C/C++ Low Level Curriculum Part 11: Inheritance

Instapaper Text

C/C++ Low Level Curriculum Part 11: Inheritance

Hello, and welcome to the 11th part of the C / C++ low level curriculum. About time? Definitely!

Last time we looked at the basics of User Defined Types: how structs, classes, and unions are laid out in memory; and (some of) the implications of memory alignment on this picture.

In part 11 we’re going to look at how inheritance affects this picture, in particular the implications for memory layout of derived types and also for their behaviour during construction and destruction (note: we’re leaving multiple inheritance and the keyword virtual out of this picture to start with).

Before We Begin

I will assume that you have already read the previous posts in the series, but I will also put in-line links to any important terms or concepts that you might need to know about to make sense of what you’re reading. I’m helpful like that.

Another big assumption I’m going to make is that you’re already very familiar with the C++ language and comfortable using the language features we’re discussing, as well as the accepted usage limitations of those features etc.

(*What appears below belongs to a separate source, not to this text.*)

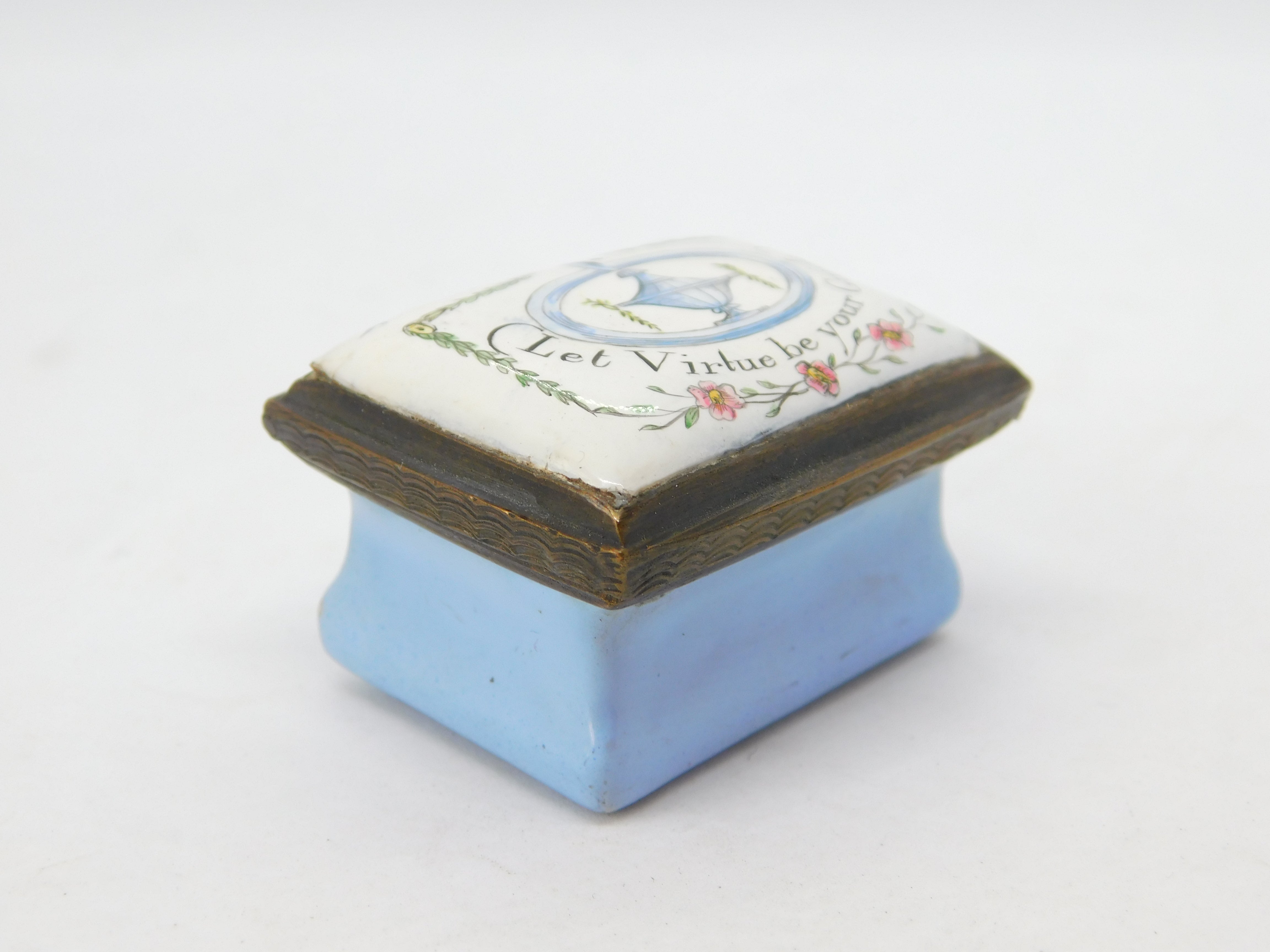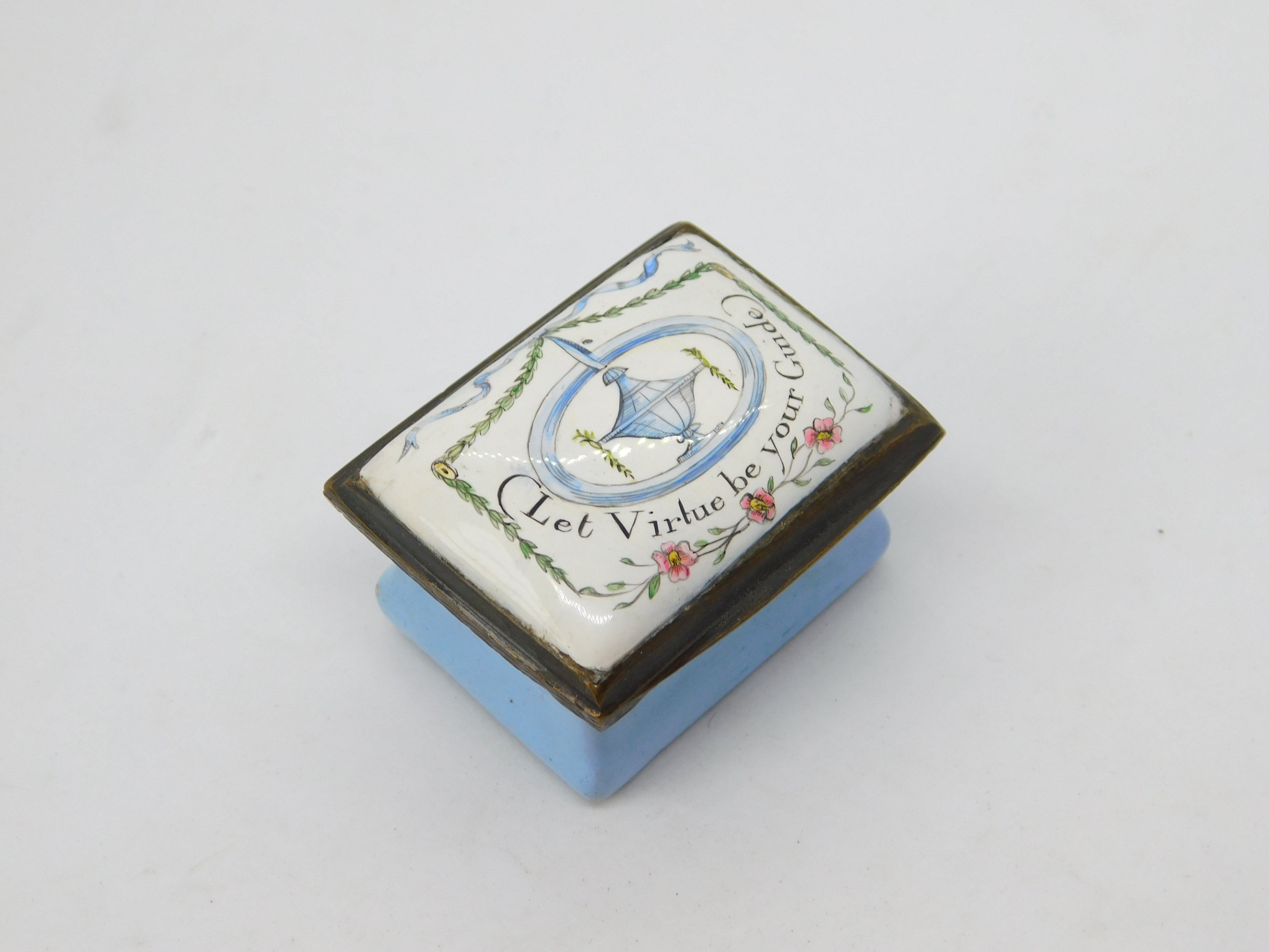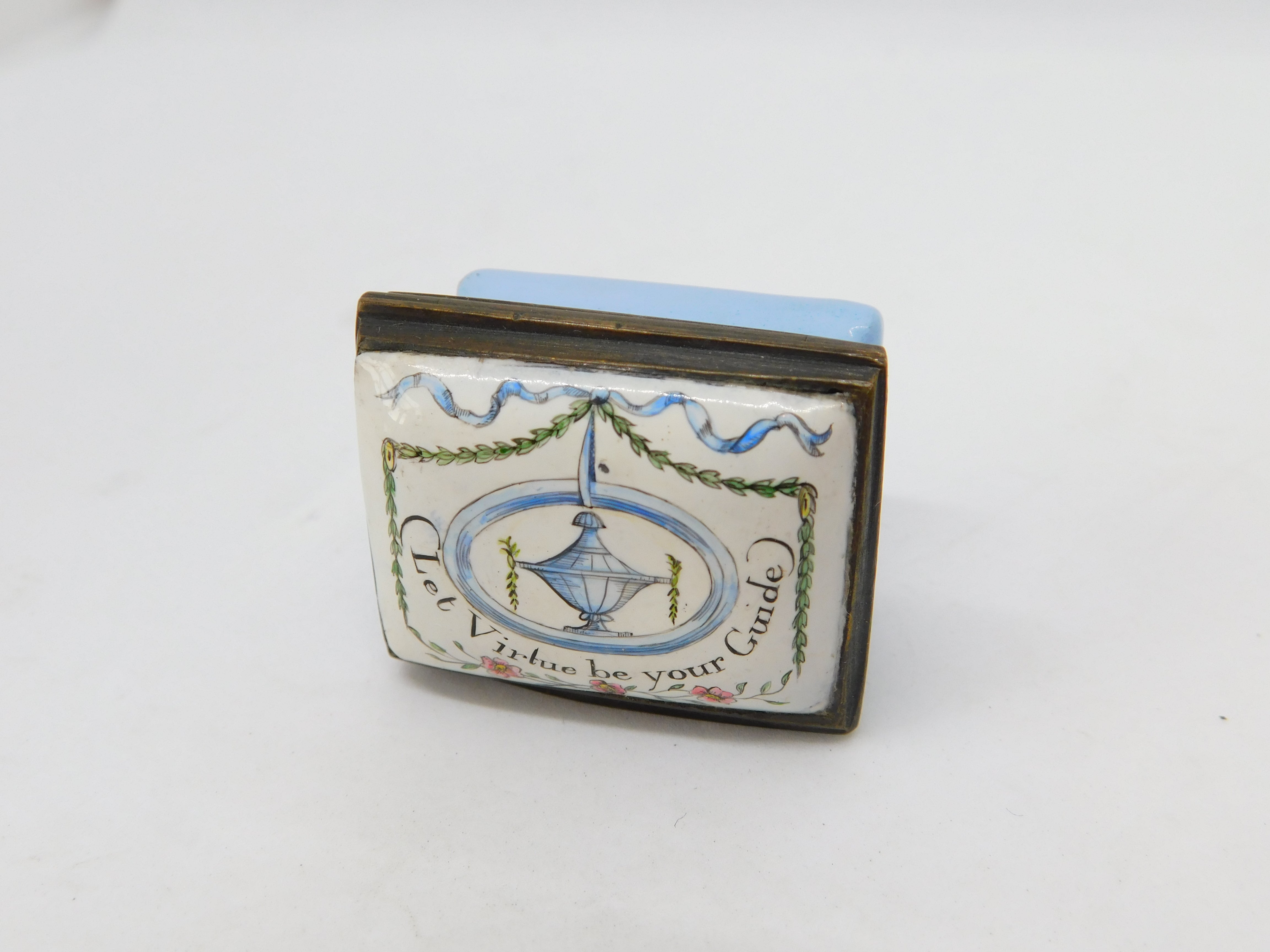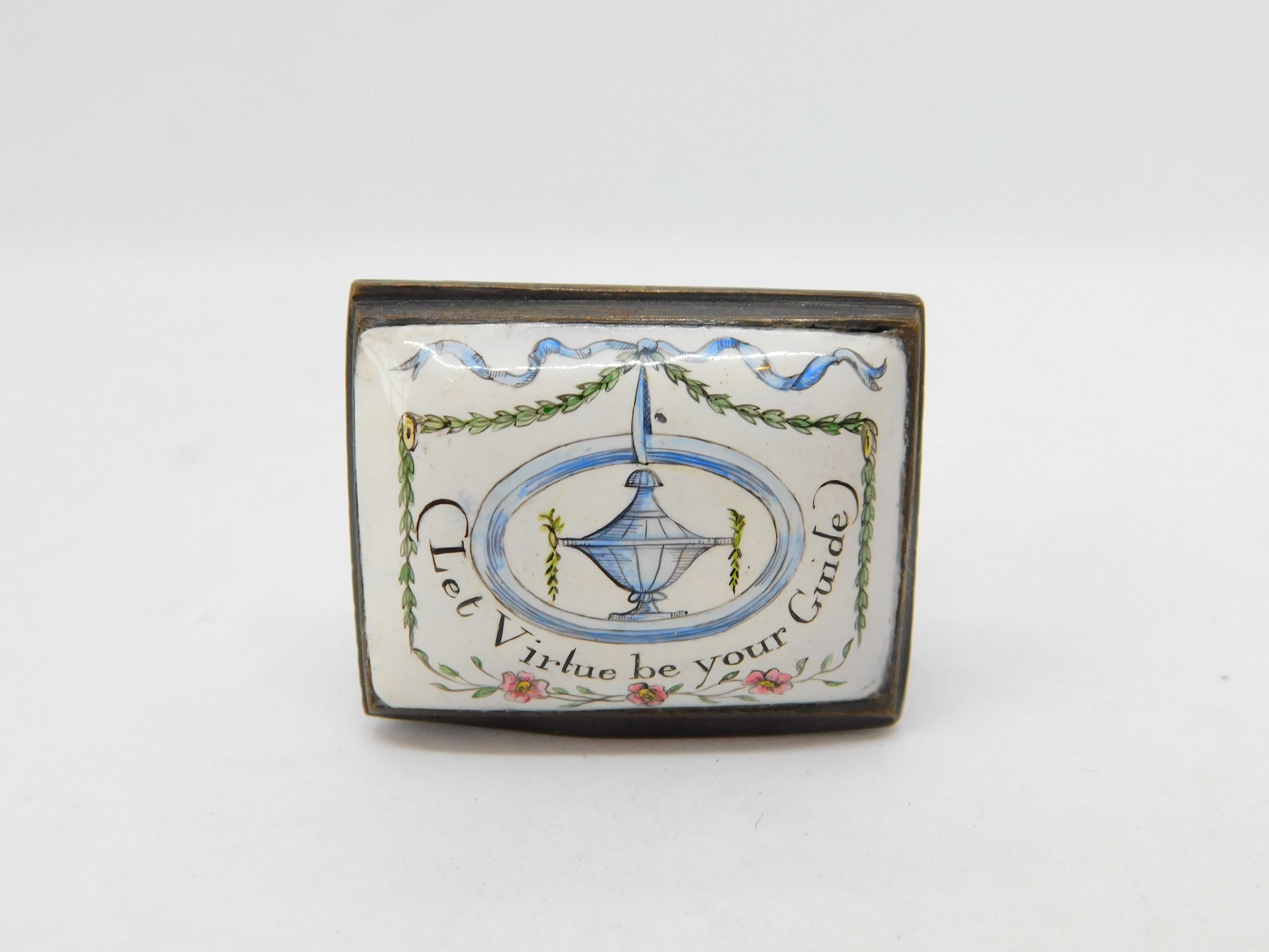 Victorian Bilston Enamel Patch Box 'Let Virtue be your Guide' Antique c1900

If I need to demonstrate anything out of the ordinary I’ll explain it – or at least link to an explanation.

In this series I discuss what happens with vanilla unoptimised win32 debug code generated by the VS 2010 compiler – whilst the specifics will differ on other platforms (and probably with other compilers) the general sweep of the code should be basically the same – because it’s assembly that has been generated by a C++ compiler – and so following the same examples given here with a source / disassembly debugger on your platform of choice should provide you with the same insights we get here.

With this in mind, in case you missed them, here are the backlinks to the previous posts in the series:

I won’t lie – it’s not light reading :)

Class vs. Struct: a Gentle Reminder

The C++ keywords struct and class define types that are identical in implementational detail and what you can do with them (the only difference being at the language level: the default access specifier if none is specified is private for class, and public for struct).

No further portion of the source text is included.